I've seen a couple of different threads about identifying bogus names and email addresses, using job titles to classify contacts into job roles and job functions, and identifying personal email addresses. The data to do these things is out there, but it can be hard to come by.
As a side project, a couple of us at Openprise and some friends in the community have decided to start an open data project for marketers to share our data sets, contribute to them, and build new ones. So far, we've curated a series of data sets like Free Email ISP Domains, Suspect Contact Names (a.k.a. "The Mickey Mouse List"), and Job Sub-functions in Marketing, HR, and Finance.
One of the more interesting potential projects that was discussed in the last MUG was building a list of domains where we’re all seeing spam/security solutions scanning emails and registering clicks as they follow the links in the emails through “multilevel intent analysis”. If you’re interested in taking part in that project, just let us know.
You can download any of the open source lists we've been working on at www.marketingopendata.org. If you're interested in joining the community to help with managing data sets or creating news ones, you can find out more on the site. The more the merrier!
Hope everybody finds these data sets helpful.
Very interesting project, Allen!

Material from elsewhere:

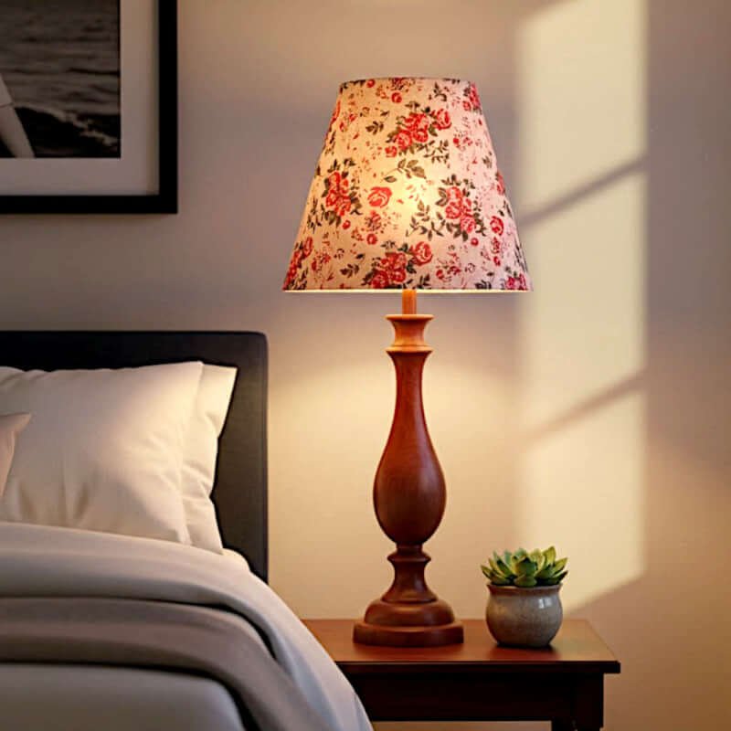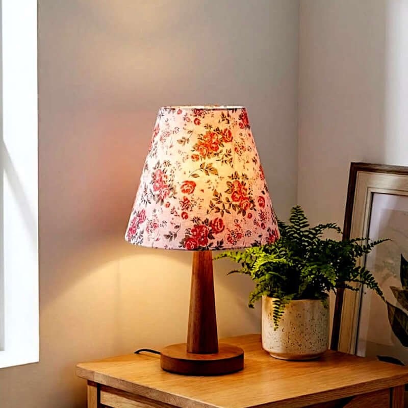 Illuminate your space with the charm of our Pink Floral Fabric Conical Table Lamp Shade. Crafted from beautiful pink floral fabric, this shade instantly adds a touch of classic elegance and warmth to any room. Its universally appealing conical shape is designed to complement most table lamp bases. Perfectly sized and styled, it is best suited for living rooms and bed rooms, creating a cozy and inviting ambiance. Please note that this purchase includes ONLY THE LAMPSHADE; the lamp base and bulb are not included.

A few notes come to mind:
Thanks for your notes, Standford! That's a good point about PSL! Our goal was to make it really easy for the community to access data and start working with it. We started with exactly the same place you recommended - The PSL. The challenge with the PSL is that it takes a lot of work to clean it up so that you can put it into a spreadsheet (for VLOOKUP) or a database table so that you can easily work with it and reference it. I don't think everybody should have to go through the same work we did, so we published a cleaned up, Excel-ready version.
Cleaned up it may be, but it's inaccurate, so I wouldn't try to fight that battle. Run a cron job to fix it up nightly, maybe.